Source material
——
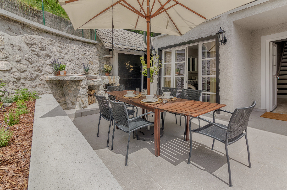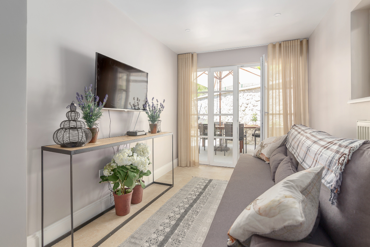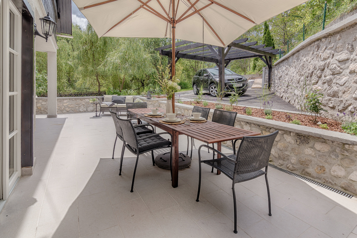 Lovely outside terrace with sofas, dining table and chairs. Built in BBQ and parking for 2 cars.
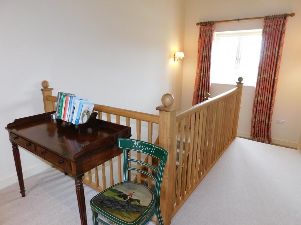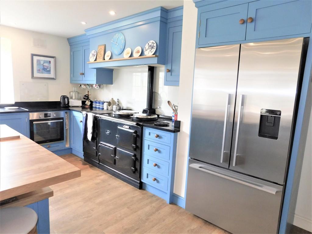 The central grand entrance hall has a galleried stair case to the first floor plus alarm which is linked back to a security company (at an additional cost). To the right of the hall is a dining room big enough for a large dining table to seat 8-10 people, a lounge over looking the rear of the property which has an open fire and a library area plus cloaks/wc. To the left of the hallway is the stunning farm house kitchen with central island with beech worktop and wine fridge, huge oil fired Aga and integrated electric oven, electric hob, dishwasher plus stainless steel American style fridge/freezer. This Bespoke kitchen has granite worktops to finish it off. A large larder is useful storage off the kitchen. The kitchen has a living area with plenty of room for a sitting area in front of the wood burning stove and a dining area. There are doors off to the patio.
——
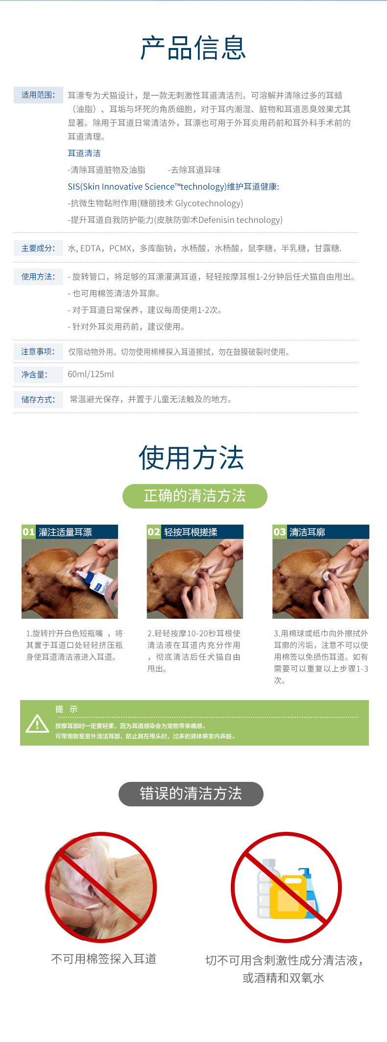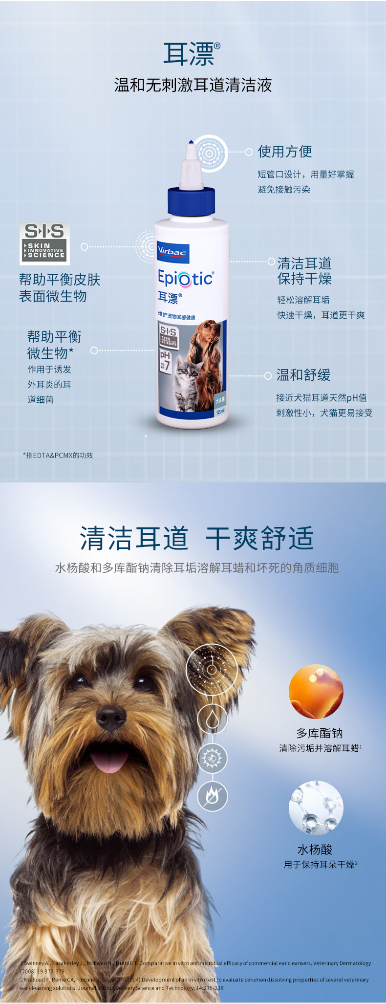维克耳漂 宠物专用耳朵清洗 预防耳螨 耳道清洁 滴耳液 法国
——
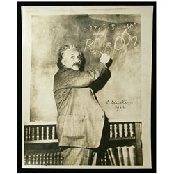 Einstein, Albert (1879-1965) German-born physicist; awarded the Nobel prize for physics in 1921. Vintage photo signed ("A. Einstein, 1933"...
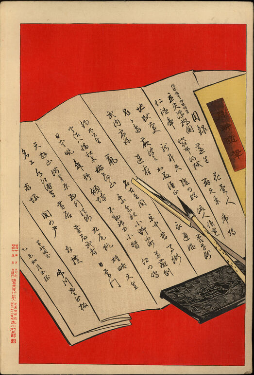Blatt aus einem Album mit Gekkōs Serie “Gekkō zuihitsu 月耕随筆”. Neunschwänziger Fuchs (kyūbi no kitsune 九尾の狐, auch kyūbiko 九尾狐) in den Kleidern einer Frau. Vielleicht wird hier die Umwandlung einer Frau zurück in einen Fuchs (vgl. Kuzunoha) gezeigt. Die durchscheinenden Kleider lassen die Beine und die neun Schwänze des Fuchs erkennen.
——
The task
With the pictures omitted, copy exactly the lines of the listing above starting at the line containing "Lovely outside terrace" and ending at the line containing "The central grand", both included.

Answer to the exercise
 Lovely outside terrace with sofas, dining table and chairs. Built in BBQ and parking for 2 cars.
 The central grand entrance hall has a galleried stair case to the first floor plus alarm which is linked back to a security company (at an additional cost). To the right of the hall is a dining room big enough for a large dining table to seat 8-10 people, a lounge over looking the rear of the property which has an open fire and a library area plus cloaks/wc. To the left of the hallway is the stunning farm house kitchen with central island with beech worktop and wine fridge, huge oil fired Aga and integrated electric oven, electric hob, dishwasher plus stainless steel American style fridge/freezer. This Bespoke kitchen has granite worktops to finish it off. A large larder is useful storage off the kitchen. The kitchen has a living area with plenty of room for a sitting area in front of the wood burning stove and a dining area. There are doors off to the patio.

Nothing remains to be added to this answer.